Saturday, October 13, 2007

Some Things I Miss

I'm in Pittsburgh, again, or still. Fall break was this past week, and I haven't gone back home yet (though tomorrow's the day). I love law school—I'm even through what I think is the most stressful part now—but I've stayed away long enough this time that I remember what my life was like before, and what I miss now that I'm in Virginia.

I miss quittin' time. You know, that time of day, on a weekday, when you can call anyone you want and not worry about interrupting them, because you know they're at the grocery store, watching bad TV, having a beer in a noisy bar, or doing something other than working. We don't really have that in law school, and I gather that much of the legal profession doesn't either. But yesterday, James called me at 5:00 when he was done with work and asked me if I wanted to go meet some friends of his for a beer, and we did, and it was great. And the day before that, he picked me up after he was done with work (I had spent the whole day studying) and we went and got dinner at a Filipino place and then went home and lay around watching Doctor Who. I just... miss that. Maybe what that means is I need to impose a dinner-hour "quittin' time" for myself, but I have a feeling it won't be the same, because most of my friends either get their best work done in the evenings or go home then and have dinner with their spouses. And I wouldn't want to interfere with that.

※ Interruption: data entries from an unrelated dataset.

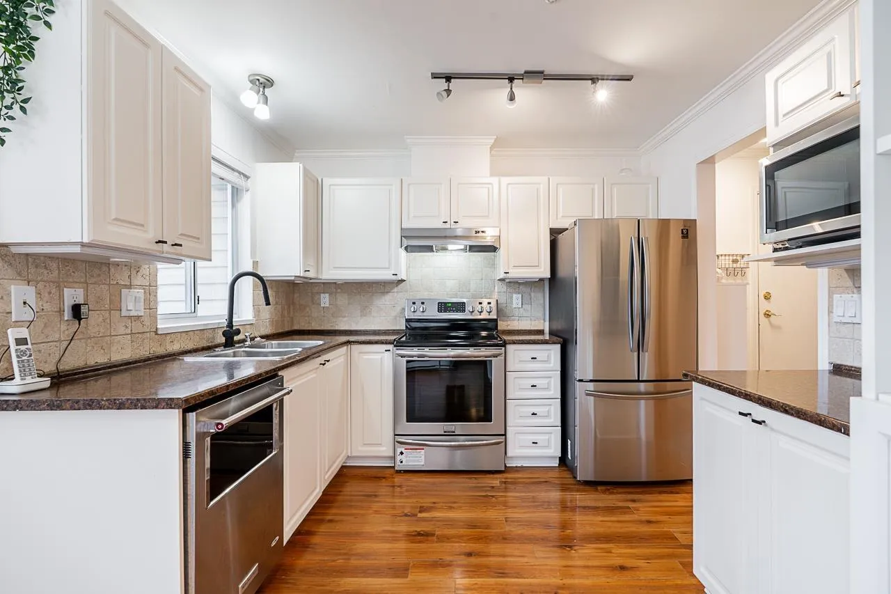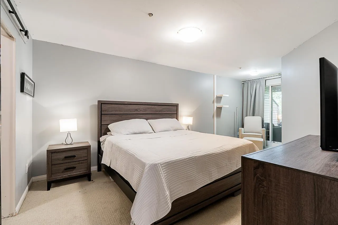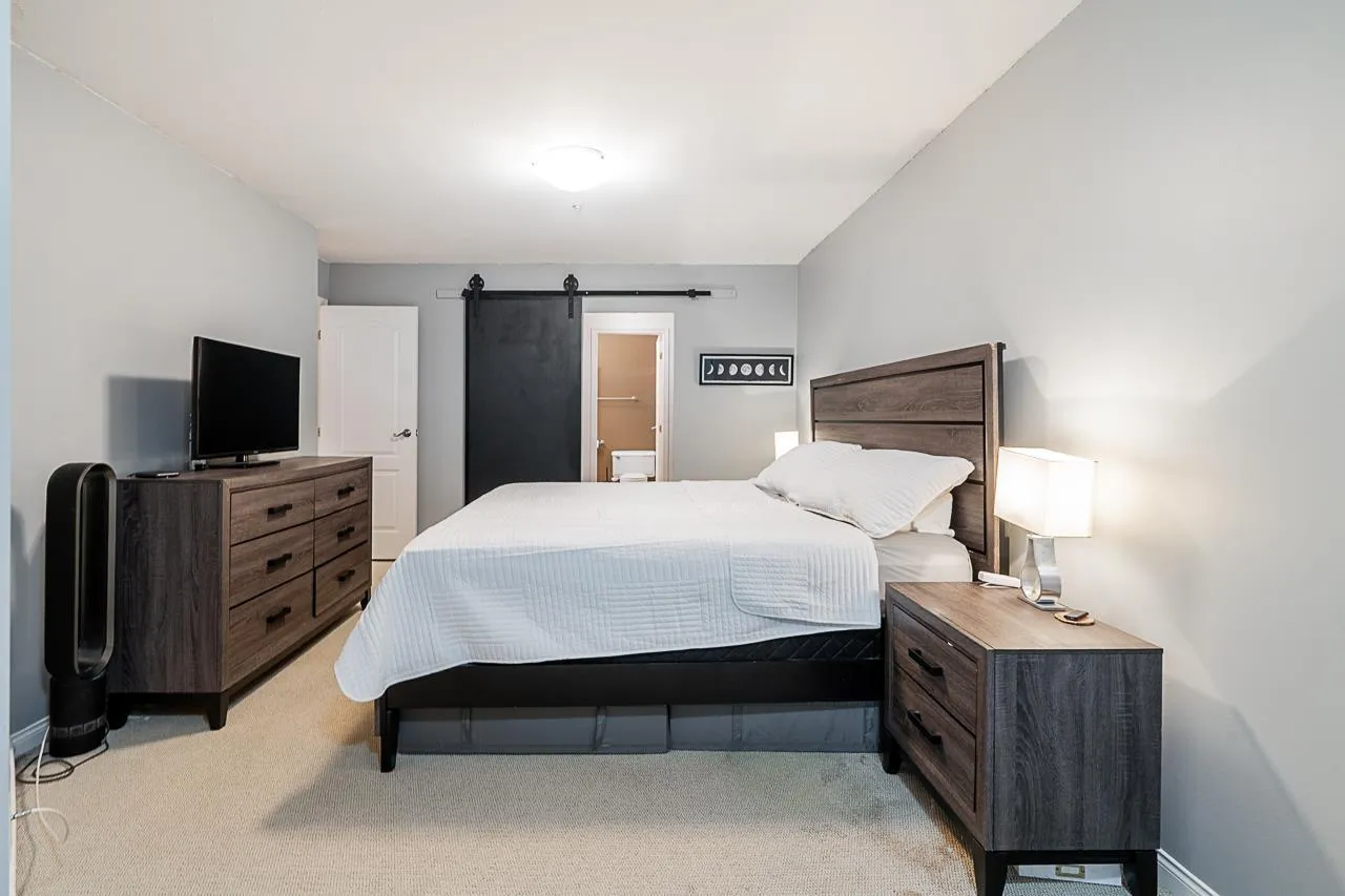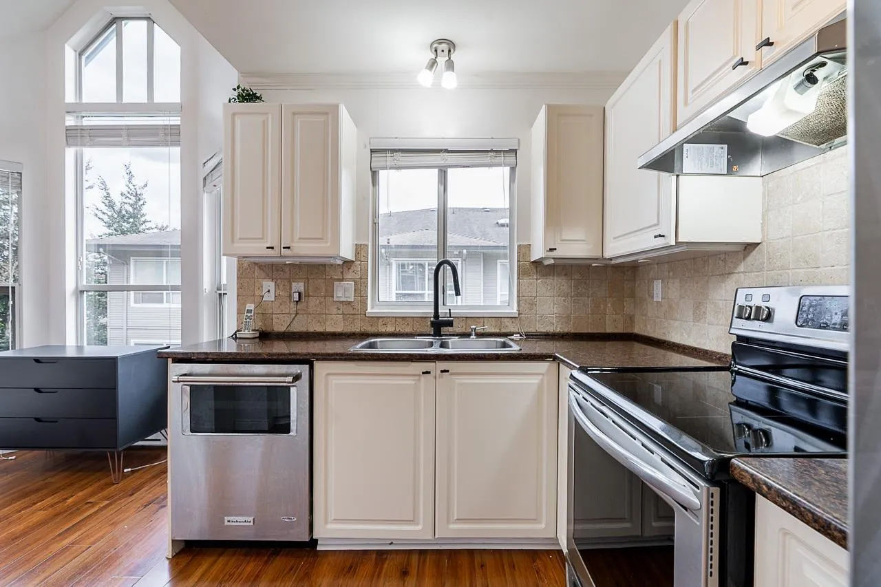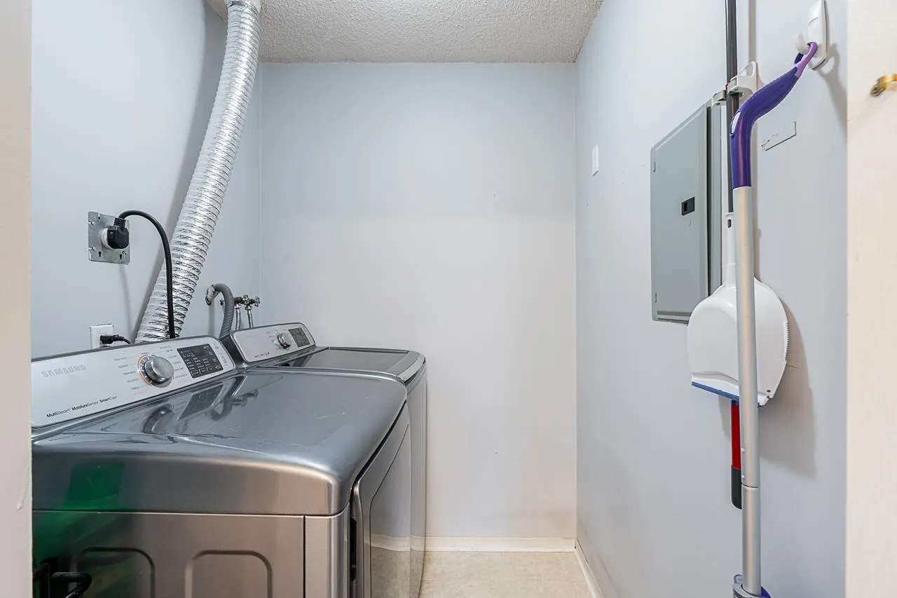Welcome to Cambridge Court, a spacious top-floor corner home offering 1,228 sq. ft. of bright and airy living. Vaulted ceilings and oversized windows fill the space with natural light, while the east-facing balcony is perfect for your morning coffee or relaxing after work. This well-maintained 2 bedroom, 2 bathroom layout features a generous living and dining area, cozy gas fireplace, full-size laundry room, and heated bathroom floors for year-round comfort. The proactive, well-managed strata includes gas and hot water in your maintenance fee. Ideally located within walking distance to shopping, restaurants, parks, and transit, just minutes from the future SkyTrain station. One secure underground parking stall included. Move-in ready, book your private tour today! (id:27476)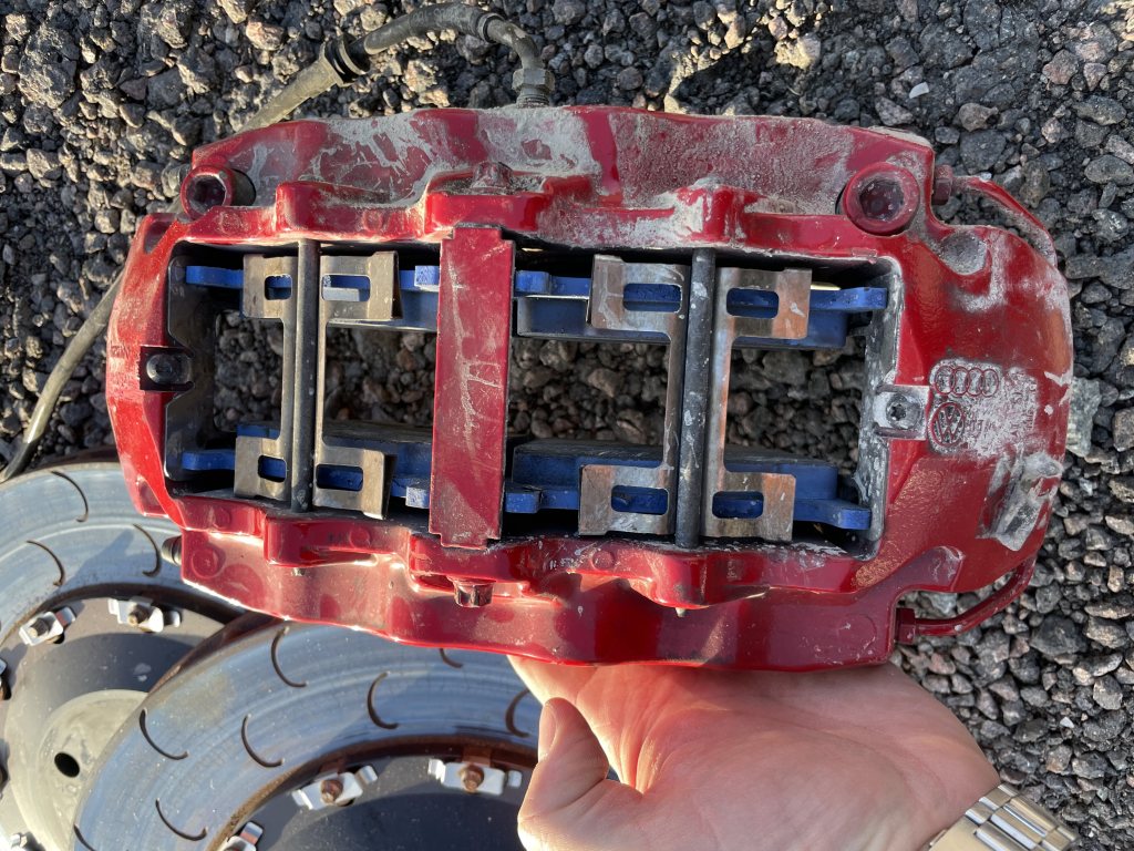 Hej, Säljer ett big brake kit till Volkswagen, Audi, Skoda och Seat baserat på MQB / mk7 plattformen. Suttit på en VW Golf GTi Clubsport mk7 2017. Röda Audi R8 bromsok och adapterar för att passa på mer eller mindre alla MQB baserrade bilar så som S3, Leon, Ateca, Formentor, Passat, Arteon, Golf, TT, TTS, T-roc, Q3, SQ2, Octavia, Superb och många andra. Kommer med Endles ME22 bromsbelägg som bara gått 1/2 bandag. Bromsskivorna från Reyland är 380mm och har gått 2 bandagar och ca 500mil på gata. Liten skada i färgen på ena bromsoket, se bild. Bromssköldar som är klippta för att passa på alla MQB följer med oxå. Så även bromsslangar. Komplett kit, bara att montera och börja köra hårt på gata eller racerbanorna 2024. Finns i Enköping och skickas helst inte men ska de skickas så betalar köparen för frakten och då skickas de med PostNord. REJSA pris: SÅLD!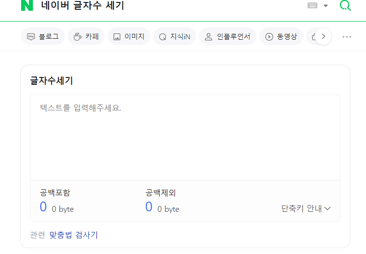 따라서 글자수 세기는 글쓰기의 가장 기본적인 지침이라고 할 수 있는데 공백을 제외한 글자수를 카운팅하는 툴로서 가장 광범위하게 쓰이는 도구는 네이버 글자수 세기이다. 이를 사용하기 위해서는 네이버 검색창에서 '네이버 글자수 세기'라고 검색을 해서 들어가면 된다.

I miss the crazy bigness of this place. It's not the biggest city I've called home—both Seattle and DC are about half again as big, population-wise—but it's probably the one where I've done the most exploring, and certainly the one where I've been the most mobile. The other night, in deciding where to go for an after-work drink, we first had to pick a neighborhood. Neighborhoods are everything around here. They all feel so different from one another. We picked Regent Square, and went and drank East End Brewing Company beers on draught at the Map Room, and walked in the dusk and drizzle. Living here is like living in twenty different cities at once.

I've missed the view of the Birmingham Bridge over the Mon from the Boulevard of the Allies, driving east out of town. Some days it's more magnificent than others, but it's always remarkable. Sometimes it's the hugeness of the overcast sky that gets me; other times it's the brilliance of the sunlight shining on the face of the river. Every once in a while it's the fact that I can see so many different lanes of traffic, all going different places at different speeds. It's an arresting view, and I miss it.

And of course, I miss James. I mean, I'm going to see him in a couple of hours, but of course what I mean is that I miss having him with me day-to-day. He's not perfect, and neither am I, but together we are darn close to it. He pushes me to be my best self without even trying, because I want so much to be good to him that I resist my tendencies to be lazy, and selfish, and uncommunicative. We work well together. We live well together. And I'm still learning more about him, and more about how to get along with him. Three years now we've known each other. We've learned to be patient, to give each other the benefit of the doubt, to express ourselves better. It's nice, and I miss him.

So I'm moving back here. Not now, of course, but I'll be here for the summer, and I'll move back after law school. No sense in being cryptic anymore since I've accepted the job offer. I'm thinking about neighborhoods now, and where I want to settle down, at least for a few years.

It's good to have settled on a home.